[Excerpts from a dataset]
______________________________
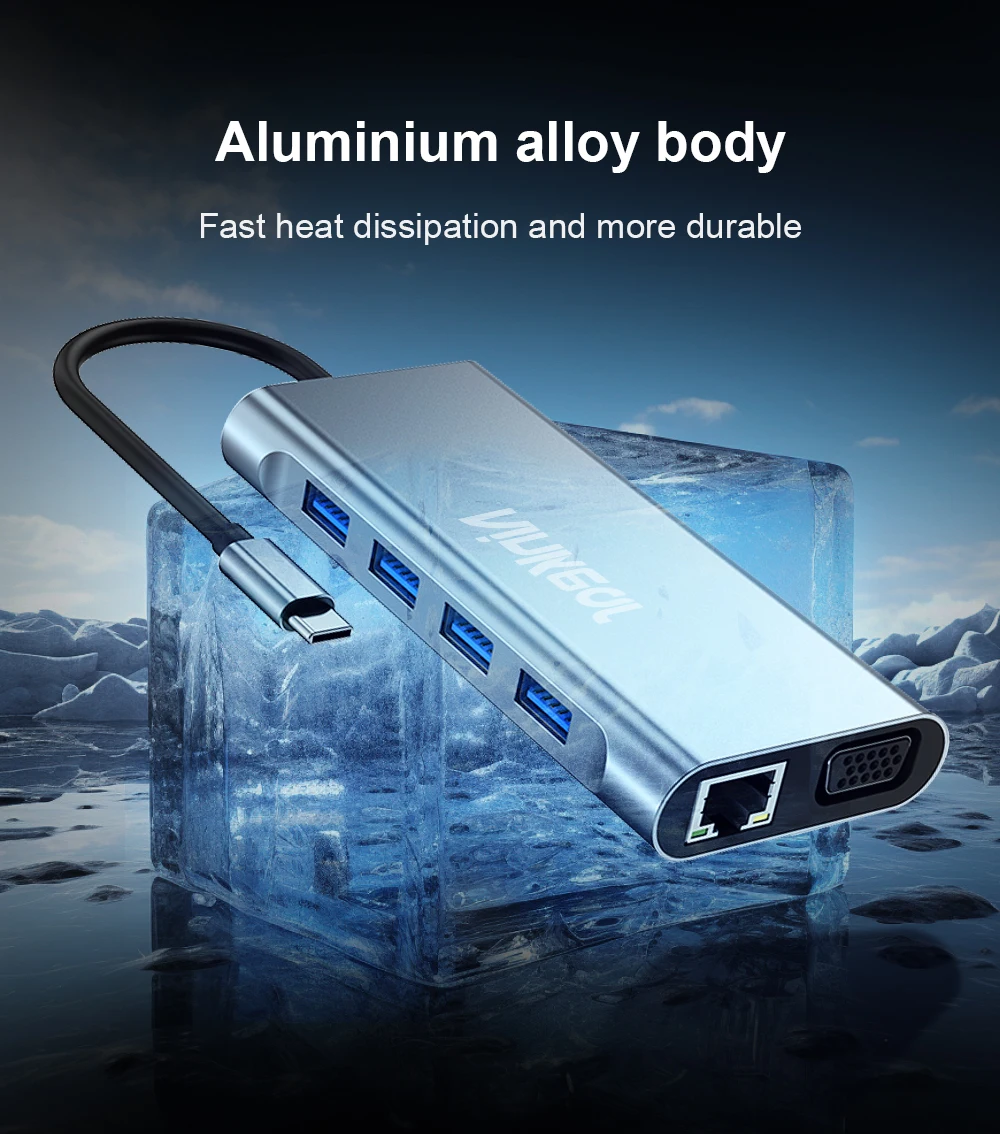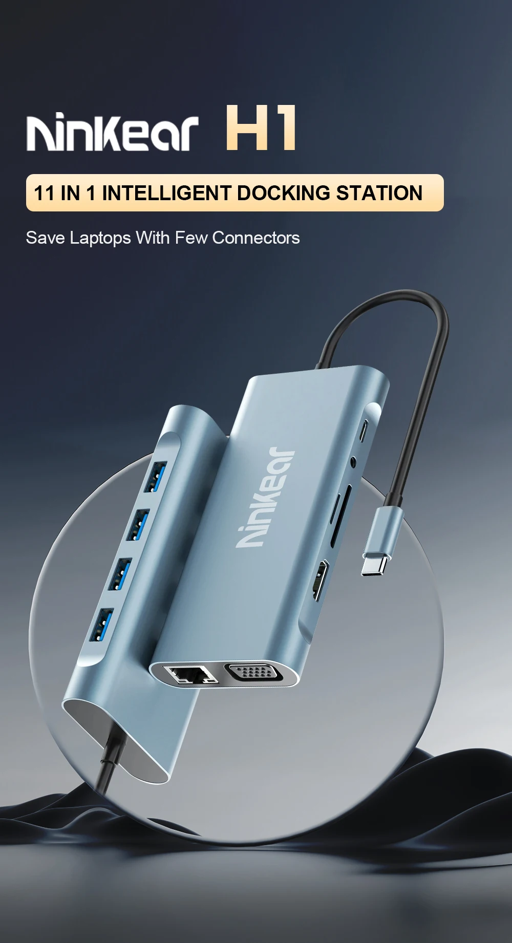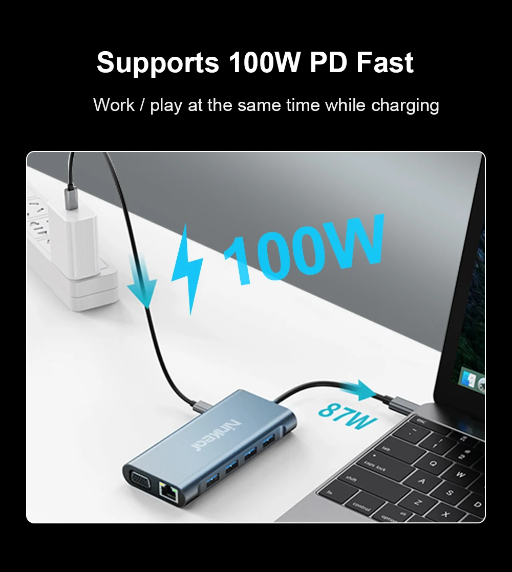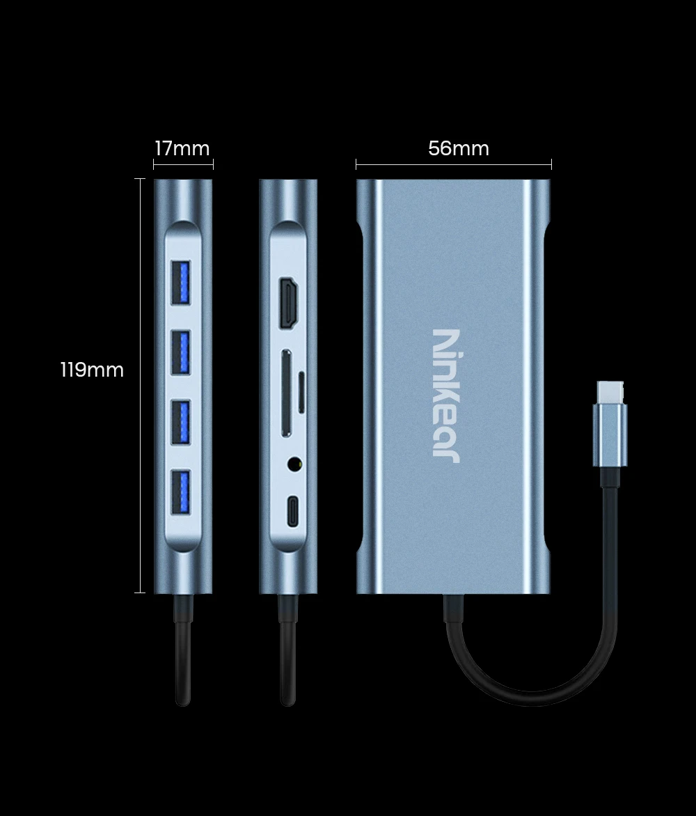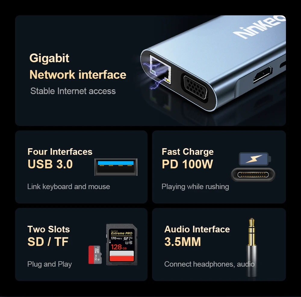 Estación de acoplamiento Ninkear 11 en 1 Resolución HD 4K 30Hz USB2.0*3 USB3.0*1 Resolución VGA 1080P /60Hz Carcasa de aleación de aluminio
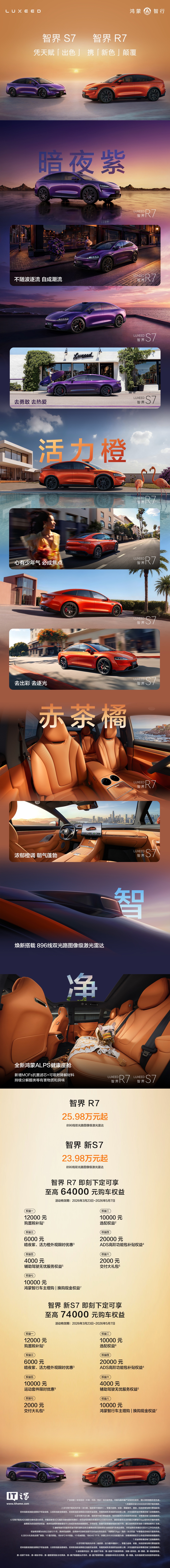 《鸿蒙智行智界 R7 / 新 S7 “暗夜紫”“活力橙”配色上市:23.98 万元起,配 896 线激光雷达》
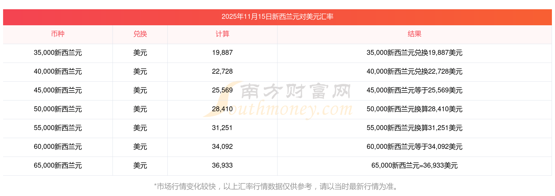 2025年11月15日匯率行情:17新西蘭元對(duì)美元匯率多少
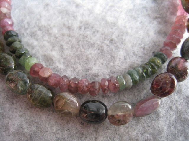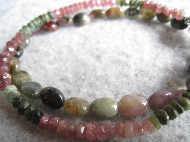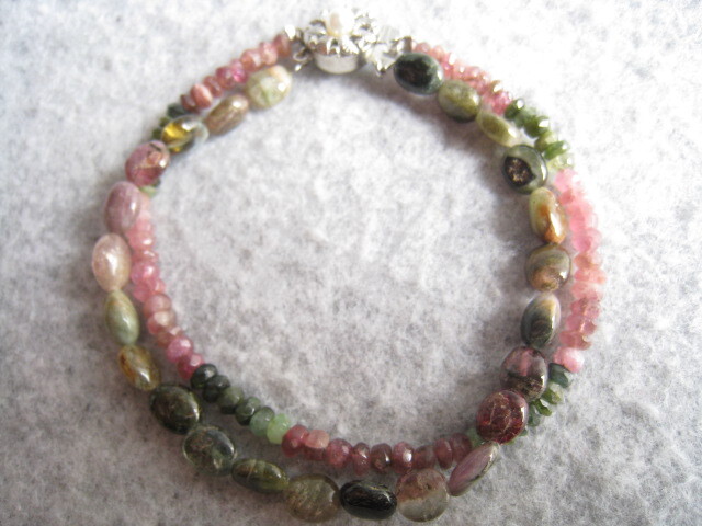 [SAMU]綺麗!!天然トルマリン幅6mmと4mm 二連長さ18cmブレスレット★美品!
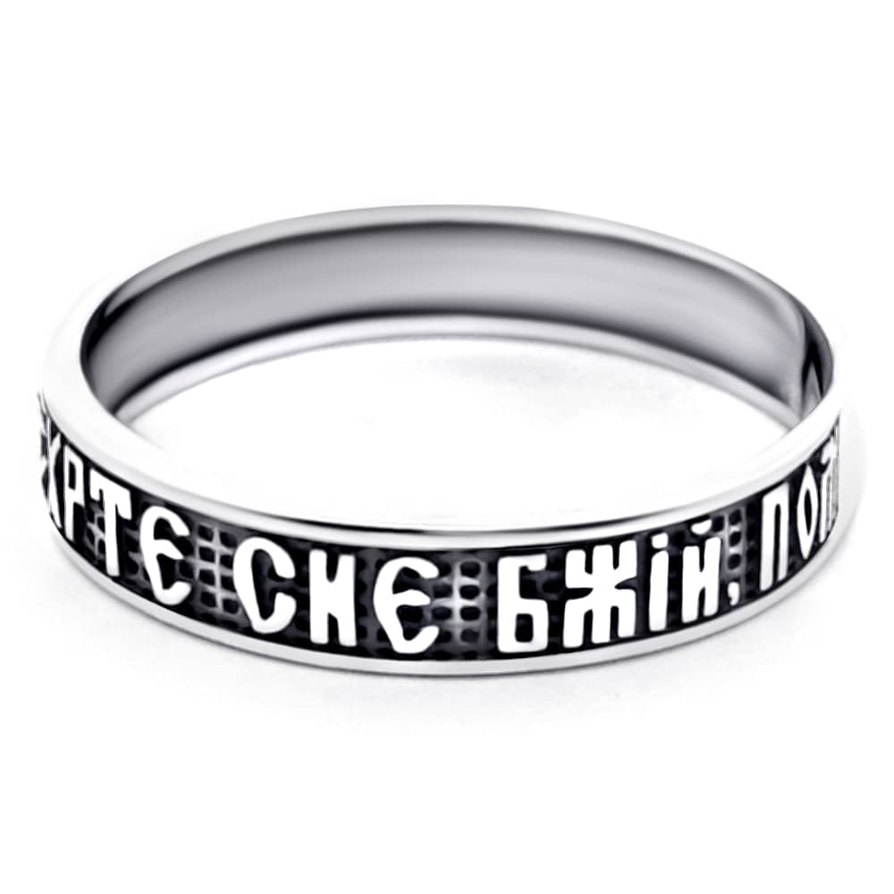 Обручка зі срібла з написом "ГАН ІНСЕ ХРТЕ СНЕ БЖІЙ, ПОМИЛУЙ МА".
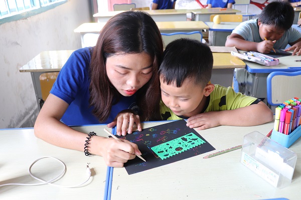 湖南科技jinnianhui金年会·首页官网暑期三下乡支教团队在教学课堂上采取了奖励制度,对勇敢表现自己的小朋友奖励小红花。一天支教课程结束后,小朋友们可以根据小红花的数量排名获得志愿者老师们准备的不同奖品,这增加了孩子们上课的积极性,也让孩子们在课堂上更加踊跃的去表现自。在获得了知识的同时,也使自己变的更加自信,朝着更高的人生目标迈进。 “我获得了7颗小红花啦呢!”今年10岁的唐桂林在上完美术课后兴奋的说道。尽管一天的课程经结束,但还有几个小朋友仍在课桌上语文老师写在黑板上的古诗。
______________________________
What needs to be done -
Pictures are to be left out; the answer must otherwise be exactly the lines from the one with "万元起,配 896 线激光雷达》" through the final line of the entries above, both included.

Solution to the problem -
 《鸿蒙智行智界 R7 / 新 S7 “暗夜紫”“活力橙”配色上市:23.98 万元起,配 896 线激光雷达》
 2025年11月15日匯率行情:17新西蘭元對(duì)美元匯率多少
 [SAMU]綺麗!!天然トルマリン幅6mmと4mm 二連長さ18cmブレスレット★美品!
 Обручка зі срібла з написом "ГАН ІНСЕ ХРТЕ СНЕ БЖІЙ, ПОМИЛУЙ МА".
 湖南科技jinnianhui金年会·首页官网暑期三下乡支教团队在教学课堂上采取了奖励制度,对勇敢表现自己的小朋友奖励小红花。一天支教课程结束后,小朋友们可以根据小红花的数量排名获得志愿者老师们准备的不同奖品,这增加了孩子们上课的积极性,也让孩子们在课堂上更加踊跃的去表现自。在获得了知识的同时,也使自己变的更加自信,朝着更高的人生目标迈进。 “我获得了7颗小红花啦呢!”今年10岁的唐桂林在上完美术课后兴奋的说道。尽管一天的课程经结束,但还有几个小朋友仍在课桌上语文老师写在黑板上的古诗。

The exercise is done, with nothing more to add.